WOOD: Whittaker’s passion for wine helped N.S.
I was greatly saddened last week to see the obituary in The Chronicle Herald announcing the untimely death of Gary Whittaker.
Gary may not have been well known to many readers, perhaps because much of what he accomplished took place behind the scenes.
I first met him many years ago, when he was working at the first Port of Wines store, which, at that time, was in the newly refurbished Historic Properties building in downtown Halifax.
Gary was both knowledgeable and passionately interested in wine.
Subsequently, Gary moved to the Nova Scotia Liquor Corp. head office, where he was primarily responsible for wine purchasing and many other associated tasks. He played a pivotal role in ordering all vintage wines on behalf of the NSLC and brought his passion and knowledge fully to bear on the task.
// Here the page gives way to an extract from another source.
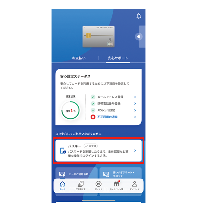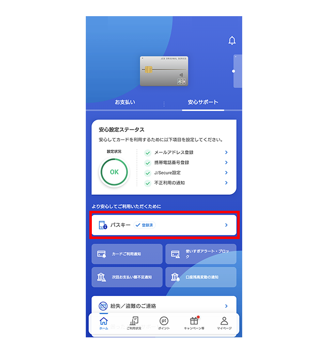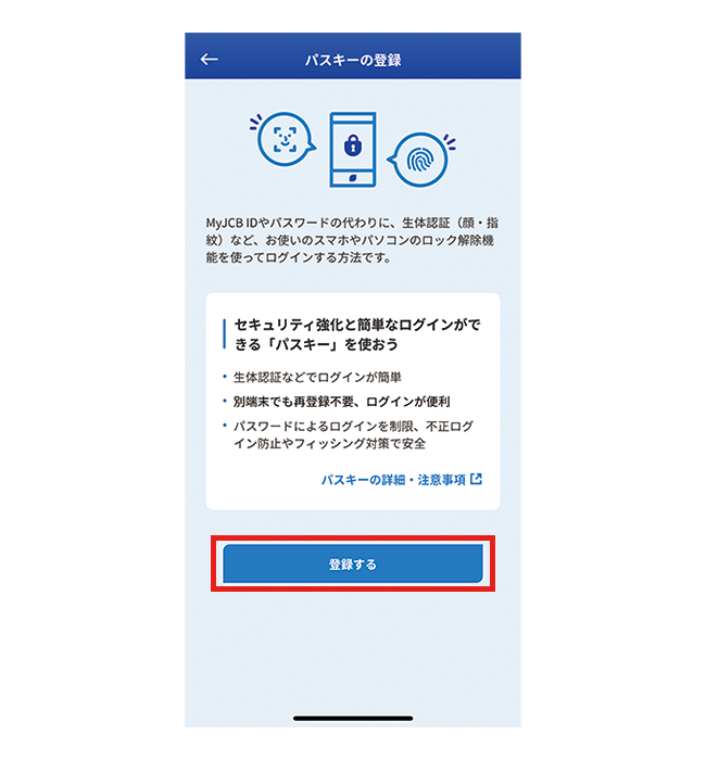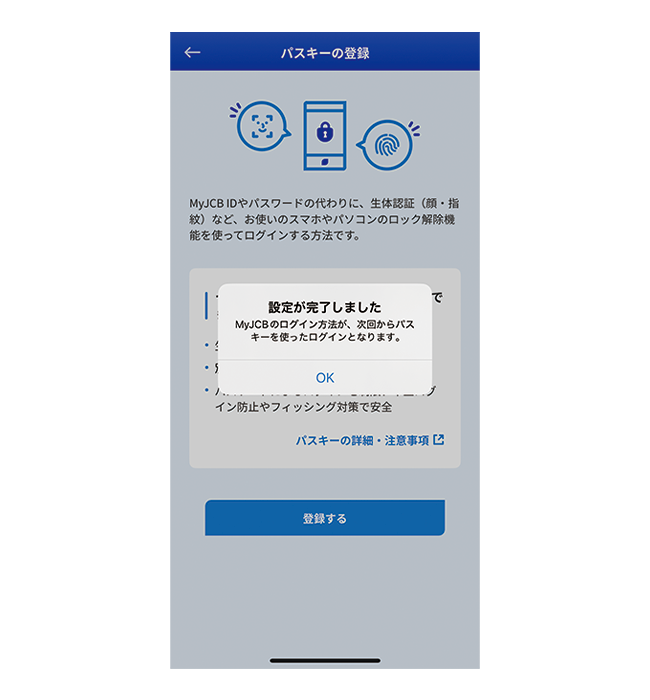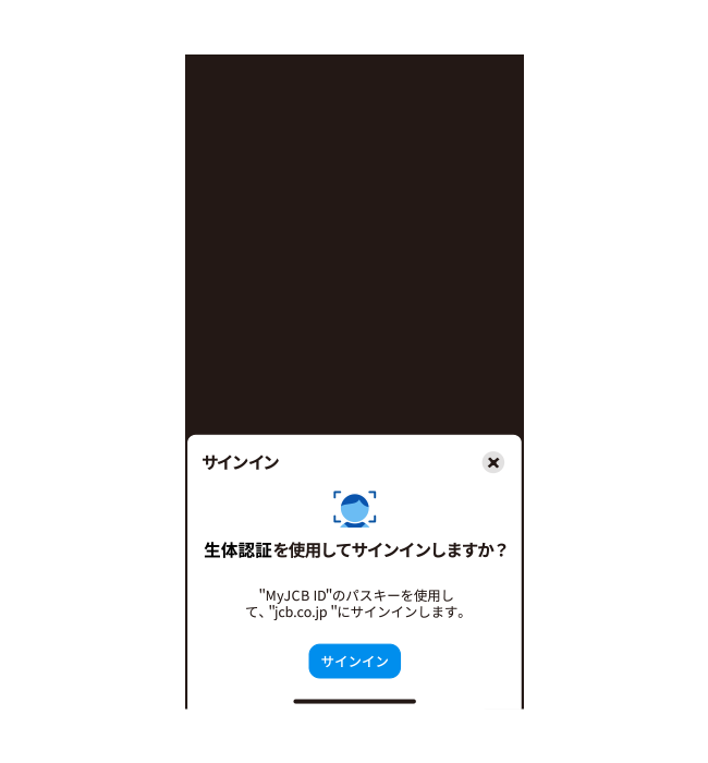 パスキー登録後はパスワードを使わず、生体認証などでMyJCBにログインできます。他者による不正ログインの心配がありません。

On his watch, both the quality and range of wines brought into the province vastly improved. He did much of this singlehandedly, with great professionalism, commitment and hard work.
Gary’s quiet, unselfish contribution merits respect and appreciation. I offer my heartfelt condolences to his family.
REVIEWS
The People’s Choice Sauvignon Blanc 2010, Awatere, Marlborough, New Zealand, 13.5 per cent, $18.99, NSLC: Sporting catchy packaging, especially the interesting back label, this is a classic Kiwi Sauvignon loaded with aromatic gooseberry, passion fruit, mineral and grassy freshness. Green fruit flavours are assertive and backed up by crisp acidity and firm mineral. A wake-up call for the palate!
Sannio Dei Feudi di San Gregorio 2007, Falanghina DOC, 13 per cent, $24.99, NSLC Port of Wines selection: Falanghina is an ancient white variety from the Campania hills in southern Italy. This one shows influence of bottle age with its deep, burnished gold colour and complex, developed bouquet. The grape is known for its concentrated intensity, and this example reveals an uncanny resemblance to Scottish orange marmalade with rich, bitter, orange peel flavours playing through on the palate, backed up by lively acidity and good length. Complex yellow tree fruit notes round out the finish. Calls for richly flavoured foods such as lobster in a cream and brandy sauce.
Paso Creek Cabernet Sauvignon 2009, Paso Robles, Calif., 13.5 per cent, $19.99, NSLC: Shows elegantly developed dark fruit, fine spice and a subtle trace of oak on the nose. Generously ripe blackberry and black currant flavours come in a well-structured, full bodied package. Black currant notes linger on the finish. A stylish, reasonably priced Cab that reveals the solid character of Paso Robles terroir.
Sean Wood is a wine judge and writer.